═════ SUPPLIED MATERIAL

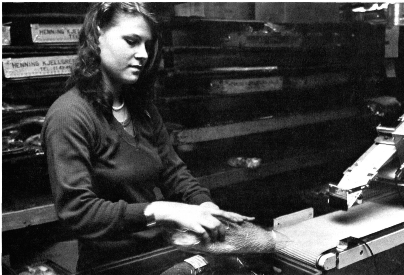
Feriearbete räknas inte som förvärvsarbete
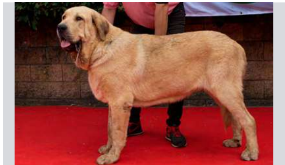
EXC 1º M.J. - JORGITO DE SERYLU

11 meses. Boca completa, típico y bien construido, cabeza típica, ojo un poco claro, EXC. línea dorsal y ventral, angulaciones delanteras y traseras. Movimiento EXC.
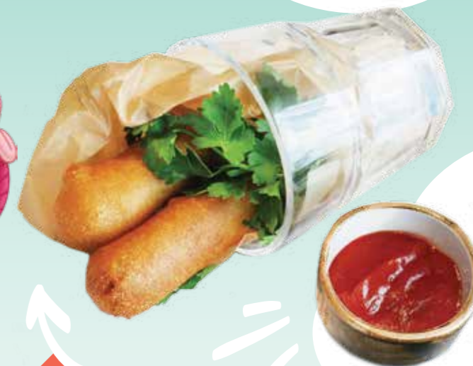
КОРН-ДОГ .- 95 85/30 гр
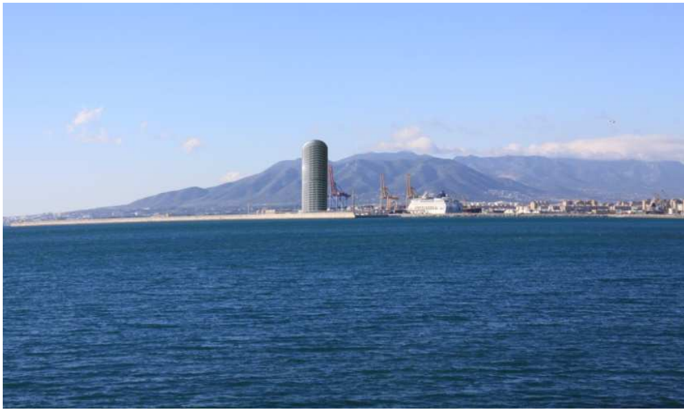
Figura 11. Simulación fotográfica a escala del rascacielos previsto en el puerto de Málaga. Foto: Matías Mérida. Fisonomía edificio tomada de A. Cappa.

paisaje, como las numerosas vistas de la ciudad desde el mar o, más particularmente, las realizadas desde la propia bahía, como la obra de Picasso que exponemos en este trabajo.
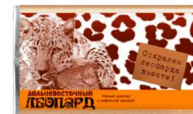
ШОКОЛАД ТЁМНЫЙ «ДАЛЬНЕВОСТОЧНЫЙ ЛЕОПАРД» С ВАФЕЛЬНОЙ КРОШКОЙ 1/65 DARK CHOCOLATE "FAR EASTERN LEOPARD" WITH WAFFLE CRUMB 1/65 "远东豹" 巧克力 1/65

Срок хранения: 12 месяцев Storage time: 12 months 保存期: 12个月

══════════

- **DIRECTIONS**
The reply must consist solely of the lines from the one containing "С ВАФЕЛЬНОЙ КРОШКОЙ" through the last line of the data, reproduced exactly.

- **TASK ANSWER**
ШОКОЛАД ТЁМНЫЙ «ДАЛЬНЕВОСТОЧНЫЙ ЛЕОПАРД» С ВАФЕЛЬНОЙ КРОШКОЙ 1/65 DARK CHOCOLATE "FAR EASTERN LEOPARD" WITH WAFFLE CRUMB 1/65 "远东豹" 巧克力 1/65

Срок хранения: 12 месяцев Storage time: 12 months 保存期: 12个月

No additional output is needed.